IV is a tool that you can use when you want to estimate the causal effect of some variable on an outcome, but hard to distinguish whether some coefficient you’ve estimated is simply do to a correlation with something else that has an impact on your outcome.
Suppose you estimate a regression of income on years of schooling, ie:
\(income_i = b0+b1*schooling_i+u_i\)
One assumption we make for OLS to be BLUE is exogeneity, or in other words: E[u|schooling] = 0.
It is almost certain that schooling and income are both correlated with the error u, because u contains some measure of ‘natural ability’, which we cannot observe. more income might choose to get more school because their parents were wealthy.
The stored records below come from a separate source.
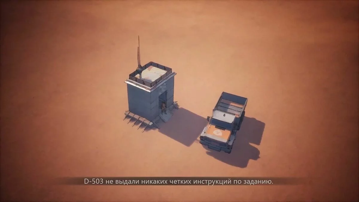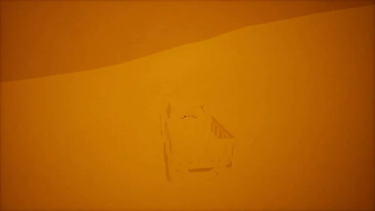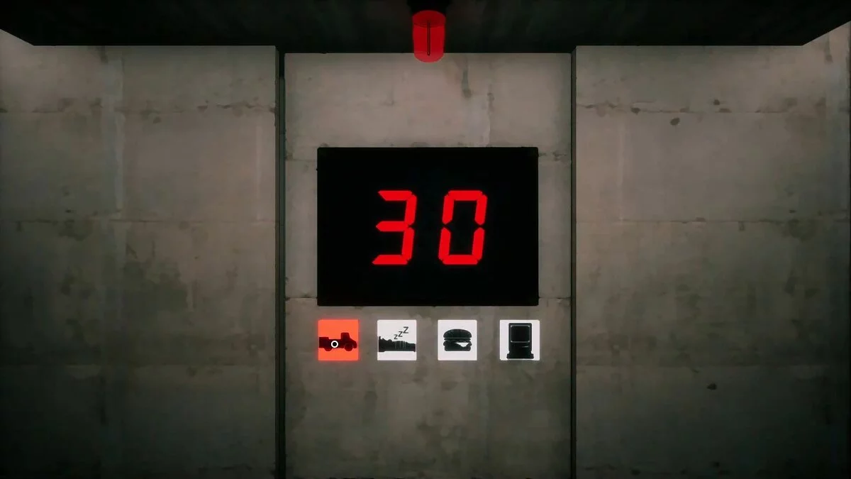 На пятнадцатый день собираем и сжигаем мусор. Наблюдаем за песчаной бурей и двигаемся вдоль чёрного кабеля к зданию с красной мигающей лампочкой. Проходим внутрь и спускаемся на лифте вниз.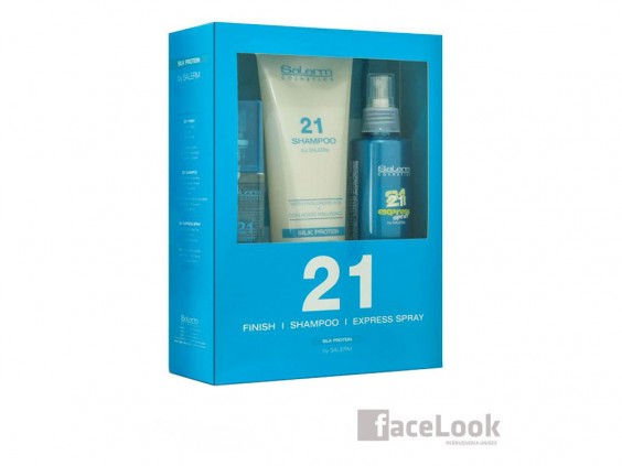 Este pack está compuesto por el champú con ácido hialurónico, la mascarilla sin aclarado salerm 21 express y el finish salerm 21, como un final.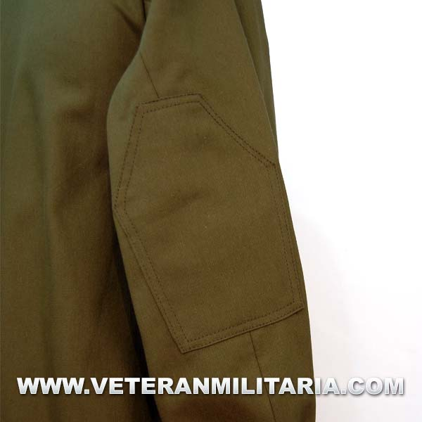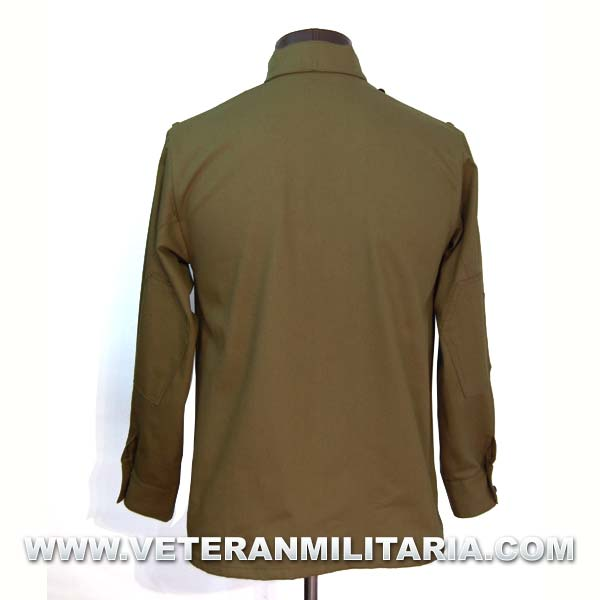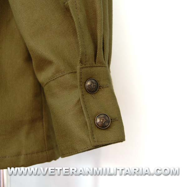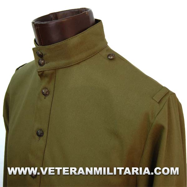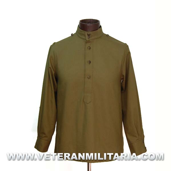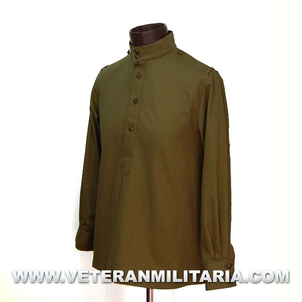 Gymnastiorka Russian model M43 for soldiers, made of cotton on the front end with five buttons, metal buttons, olive green.

Or, growing up wealthy puts more pressure on kids to go to college. There’s so many problems.
In other words, if an individual has higher ability, or childhood income impacts choice of schooling it is likely that both their salary and schooling will be higher. One can see that if E[u|schooling] != 0, our estimate for b1 will be inconsistent and biased.
Recall, we can write:
\(b_hat = b + cov(x,u)/var(x)\)
So if we think \(cov(x,u)\) is NOT equal to zero, then our estimates of b will be biased.
Soooooo we use an approach called Instrumental Variables or (IV).
Before giving you the formal definition of an instrument, lets talk intuition for a second.
Okay, so maybe the covariance of x and u isn’t zero, that is, we have some variation in an excluded variable potentially, or a ‘two-way-street’ referred to as ‘simultaneity bias.’ But maybe, we have some other variable we can use that explains our causal variable well, but does not explain our outcome.
Lets imagine you have a perfect, worldwide laboratory, and you could change some policy that would 1.) impact peoples’ schooling choices, but 2.) not their income. At least, not directly.
A good example: mandatory minimum schooling - some minimum amount of schooling required by the government.
Now, assuming we can manipulate this new variable, we can see how differing levels of mandatory minimum schooling impacts students’ education levels, and use THAT change to estimate changes in income. Perhaps by regressing mandatory minimums on education levels, and then predicted education levels on income. A two-stage, least squares.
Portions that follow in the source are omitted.